Tuesday, September 06, 2005

Dereliction of Duty Defined

Keith Olbermann, an MSNBC commentator, usually provides facts without becoming a newscast of commentary. On the September 05, 2005, broadcast, Michael Chertoff, Secretary of Homeland Security, stated that Louisiana is a city that is largely underwater.

There has been a lot of finger pointing from anyone with a pulse without understanding the full scope of events in the Gulf Coast. The Monday night broadcast, Secretary Chertoff’s declaration triggered Mr. Olbermann’s eloquent editorial below:

Well, there's your problem right there. If ever a slip of the tongue defined a government's response to a crisis.

Forget the history of slashed federal budgets for projects that might have saved the levees. Drop the imagery of the government watching "Monty Python's Flying Circus" while New Orleans drowned. Ignore the symbol of bureaucrats like Mr. Chertoff using only the future tense in terms of relief that they could have supplied Monday and Tuesday.

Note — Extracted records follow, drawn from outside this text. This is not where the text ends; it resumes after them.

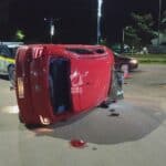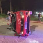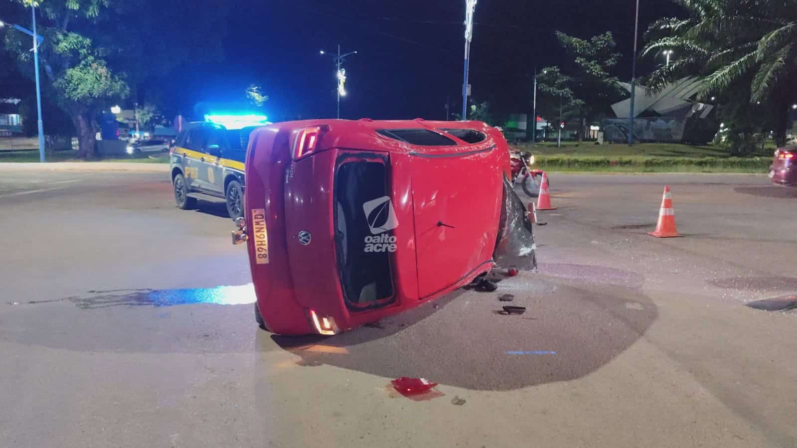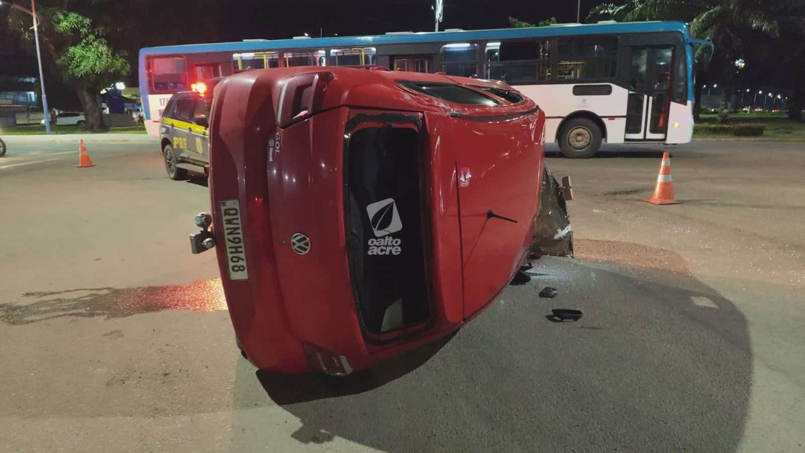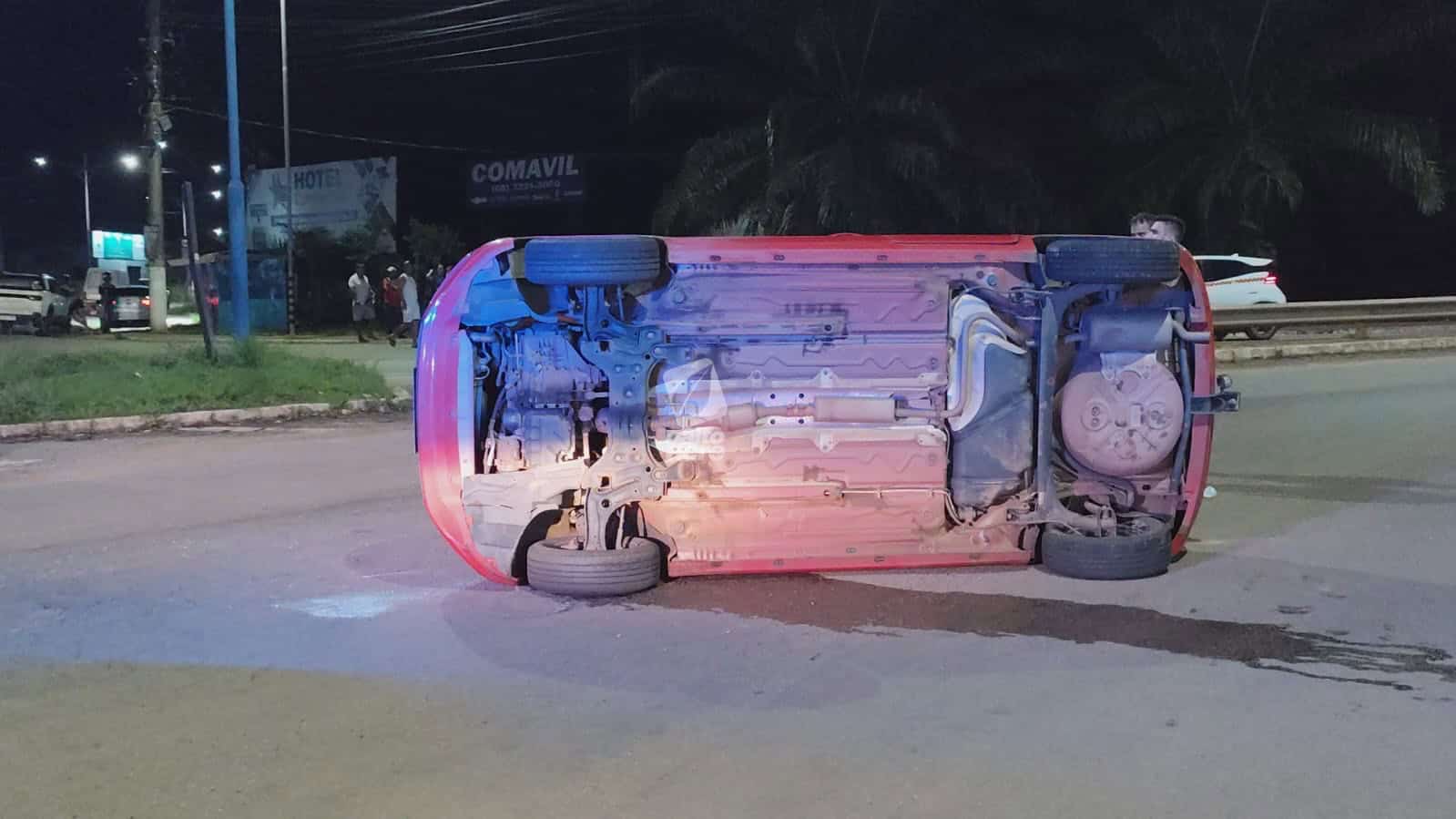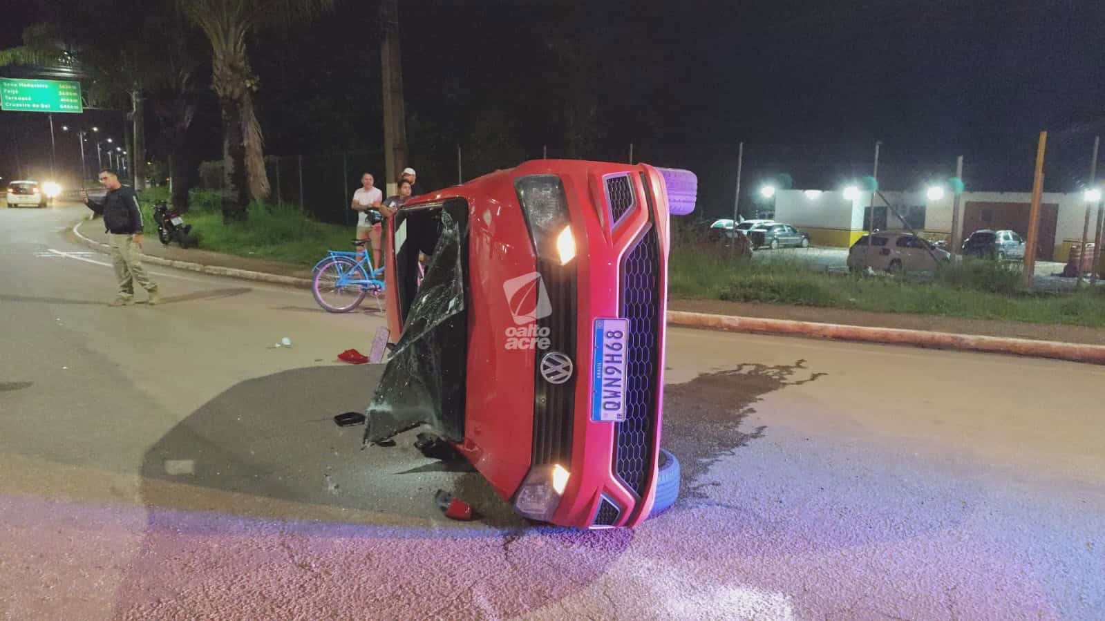 Colisão na Via Verde deixa dois feridos e carro tombado em Rio Branco
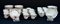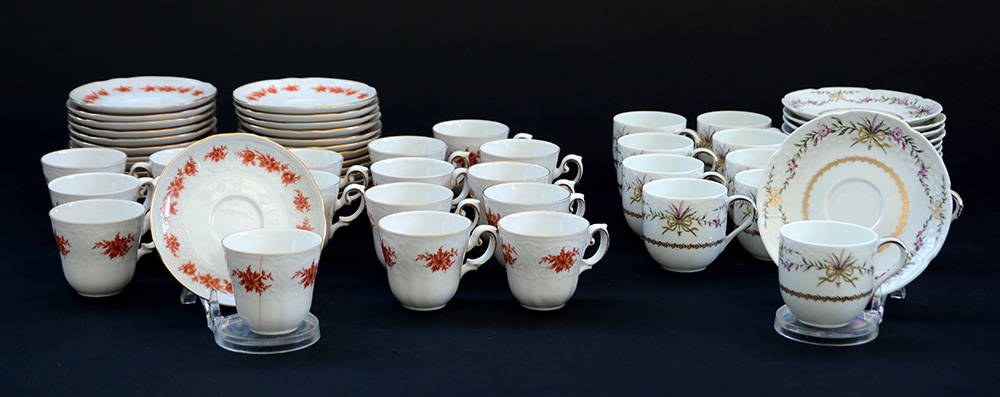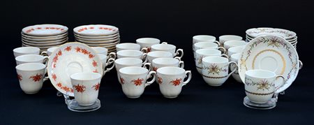 Parte di servizio da caffè in porcellana bianca decorata in policromia a fiori composta da ventisei tazzine e venticinque piattini, manifattura tedesca; unita ad una parte di servizio di tazzine da caffè in porcellana bianca con fiori, manifattura francese composto da undici tazzine con piattino (difetti)
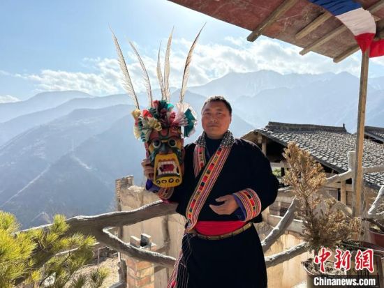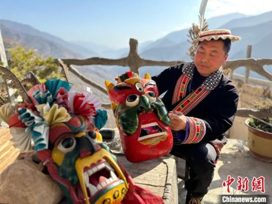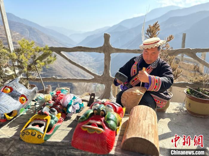雕刻、打磨、上色……甘肅隴南市文縣鐵樓藏族鄉(xiāng)強(qiáng)曲村,白馬人薛剛一家四代人都精于木工。日前中新網(wǎng)記者走訪(fǎng)村子時(shí),薛剛坐在自家院子里,伏案制作池哥晝所用面具。池哥晝是白馬人保留最完整、最具特色民族舞蹈,面具是重要道具之一。薛剛制作的面具不僅用于周邊村子的池哥晝中,而且被廣州、上海等地的客商購(gòu)買(mǎi)收藏。他時(shí)常將自己的想象融入面具中,用心打磨使其更具“靈氣”。他說(shuō),白馬人中從事面具雕刻的手藝人不多,最近他物色了一個(gè)“00后”徒弟,對(duì)方興趣濃厚,希望將這門(mén)手藝保護(hù)傳承好。圖為薛剛在院子里雕刻面具。閆姣 攝
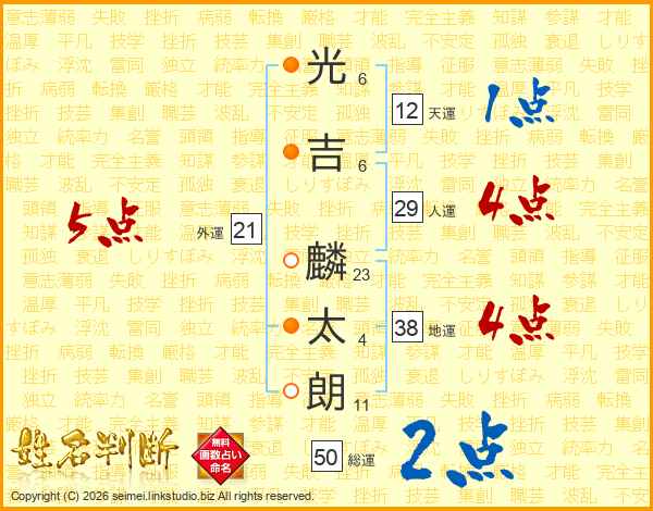 光吉麟太朗さんの総運は50画の2点!
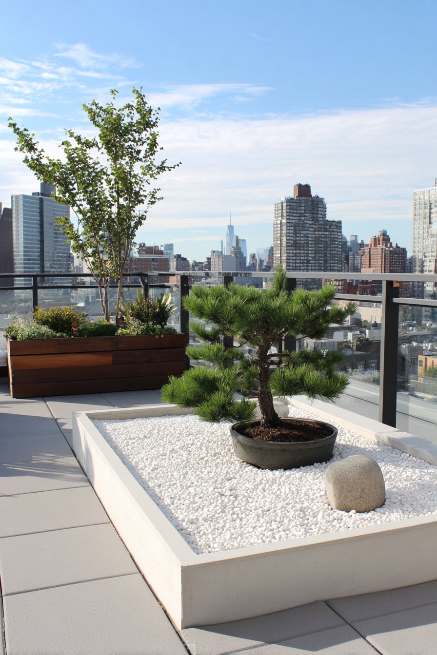 To recreate this look, consider using a Japanese Black Pine for structure and a variety of low-maintenance ground covers like Creeping Thyme or Sedum for added texture.

We no longer need the president sounding like he's on some sort of five-day tape delay to summarize this debacle. We now have Mr. Chertoff's indelible announcement that Louisiana is a city. Politician after politician, Republican and Democrat alike, has paraded before us, unwilling or unable to shut off the I/me switch in their heads, condescendingly telling us about how moved they were or how devastated they were, congenitally incapable of telling the difference between the destruction of a city and the opening of a new supermarket somewhere. [. . .]

No one is suggesting that mayors or governors in the afflicted areas, nor the federal government, should be able to stop hurricanes. Lord knows, no one is suggesting that we should ever prioritize levee improvement for a below-sea-level city ahead of $454 million worth of trophy bridges for the politicians of Alaska.

But, nationally, these are leaders who won reelection last year largely by portraying their opponents as incapable of keeping this country safe. These are leaders who regularly pressure the news media in this country to report the reopening of a school or a power station in Iraq and which regularly defies its citizens not to stand up and cheer when something like that is accomplished.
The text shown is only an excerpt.